Madelaire Christian, Gustafsson Finn, Køber Lars, Torp-Pedersen Christian, Andersson Charlotte, Kristensen Søren Lund, Gislason Gunnar, Schou Morten
Department of Cardiology, Herlev and Gentofte University Hospital, Copenhagen, Denmark.
Department of Cardiology, Rigshospitalet, University of Copenhagen, Copenhagen, Denmark.
Clin Epidemiol. 2020 Jun 8;12:589-594. doi: 10.2147/CLEP.S251710. eCollection 2020.
In Danish administrative registers, ejection fraction (EF) is not recorded, which is a considerable limitation for correct subclassification of patients with heart failure (HF). We hypothesized that a diagnosis of HF combined with the recorded prescription of both renin-angiotensin system (RAS) inhibitors and beta- blockers () within 120 days could identify patients with HF and reduced ejection fraction (EF ≤40%) (HFrEF).

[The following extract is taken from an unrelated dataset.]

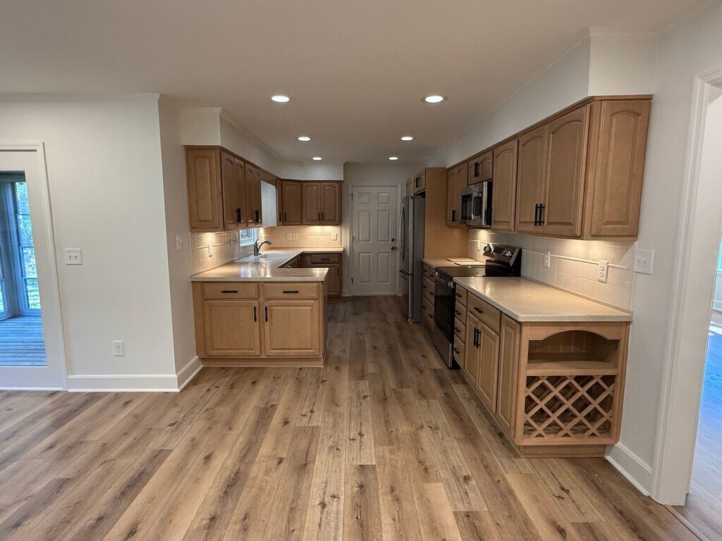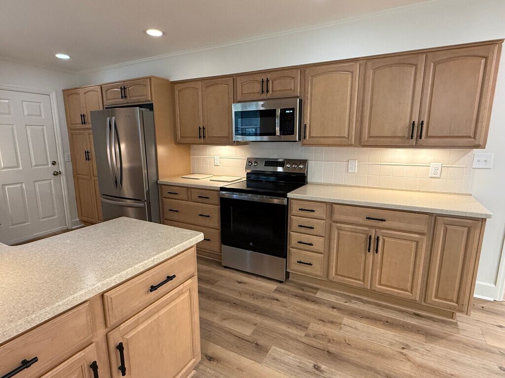 Beautifully renovated 3 bedroom, 3 bath house on Sylvan. Attention has been made to every detail. Separate living room with hardwood floors, large family room with gas fireplace (tenant provides propane tank), LVP flooring and dining area. Stainless steel appliances, beautiful kitchen cabinets and recessed lighting throughout. Under kitchen counter lighting as well as self closing kitchen draws. W/D hooks ups in one car garage that has a finished floor. Two bathrooms are completely new with tile, fixtures and double sink vanity in master bedroom. Walk in showers, retro cast iron tub in one bathroom. Sunroom off of the family room, large fenced back yard and two sheds. Lawn care is included in the rent, tenant pay all other utilities. Ready for move in now. Pets negotiable with owner approval and non-refundable pet fees. Trademark has a $200 admin fee and a $10 monthly processing fee. Application fee is $75 per person.

On two sites, we identified all patients with a first-time registration of HF as primary hospital discharge diagnosis (ICD-10: I50) between June 1, 2016, and May 31, 2018 in inpatient or outpatient settings. Patients were included if they survived the initial 120 days after discharge. Reviewing patient records, we identified patients with HFrEF, based on EF ≤ 40% and reported HF symptoms. We registered the use of at 120 days and calculated sensitivity, specificity and predictive values.

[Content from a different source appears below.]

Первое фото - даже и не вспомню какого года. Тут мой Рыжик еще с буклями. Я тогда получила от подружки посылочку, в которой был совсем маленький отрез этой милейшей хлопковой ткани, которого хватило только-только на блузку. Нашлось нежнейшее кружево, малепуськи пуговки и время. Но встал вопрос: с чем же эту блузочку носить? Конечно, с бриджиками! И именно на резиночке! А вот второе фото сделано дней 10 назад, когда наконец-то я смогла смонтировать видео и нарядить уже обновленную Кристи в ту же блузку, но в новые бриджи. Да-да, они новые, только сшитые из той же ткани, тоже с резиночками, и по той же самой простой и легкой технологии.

A total of 704 consecutive patients with a primary diagnosis of HF were included, of whom 541 (77%) fulfilled the HFrEF criteria. Patients with HFrEF confirmed from patient records were younger (median age 73 compared to 79 years) and less frequently women (31% compared to 56%) compared to non-HFrEF patients. At baseline, 24 (4%) of HFrEF patients were treated with compared to 22 (14%) of non-HFrEF patients. At 120 days, 460 (85%) of HFrEF patients received as compared to 25 (15%) of non-HFrEF patients. This resulted in a positive predictive value of 95%, sensitivity of 85% and specificity of 85%.
In Denmark, the ICD-10 HF diagnosis combined with recorded treatment by 120 days after discharge has high positive predictive value and can accurately be used to identify patients with HFrEF.
在丹麦的行政登记中,射血分数(EF)未被记录,这对于心力衰竭(HF)患者的正确亚分类是一个相当大的限制。我们假设,HF诊断结合在120天内记录的肾素 - 血管紧张素系统(RAS)抑制剂和β受体阻滞剂()的处方,可以识别出患有HF且射血分数降低(EF≤40%)(HFrEF)的患者。
在两个地点,我们识别出2016年6月1日至2018年5月31日期间在住院或门诊环境中首次将HF登记为主要出院诊断(ICD - 10:I50)的所有患者。如果患者在出院后的最初120天内存活,则纳入研究。通过查阅患者记录,我们根据EF≤40%和报告的HF症状识别出HFrEF患者。我们记录了120天时的使用情况,并计算了敏感性、特异性和预测值。
总共纳入了704例以HF为主要诊断的连续患者,其中541例(77%)符合HFrEF标准。与非HFrEF患者相比,经患者记录证实的HFrEF患者更年轻(中位年龄73岁,而非HFrEF患者为79岁),女性比例更低(31%,而非HFrEF患者为56%)。在基线时,24例(4%)HFrEF患者接受了治疗,而非HFrEF患者为22例(14%)。在120天时,460例(85%)HFrEF患者接受了治疗,而非HFrEF患者为25例(15%)。这导致阳性预测值为95%,敏感性为85%,特异性为85%。
在丹麦,ICD - 10 HF诊断结合出院后120天记录的治疗具有较高的阳性预测值,可准确用于识别HFrEF患者。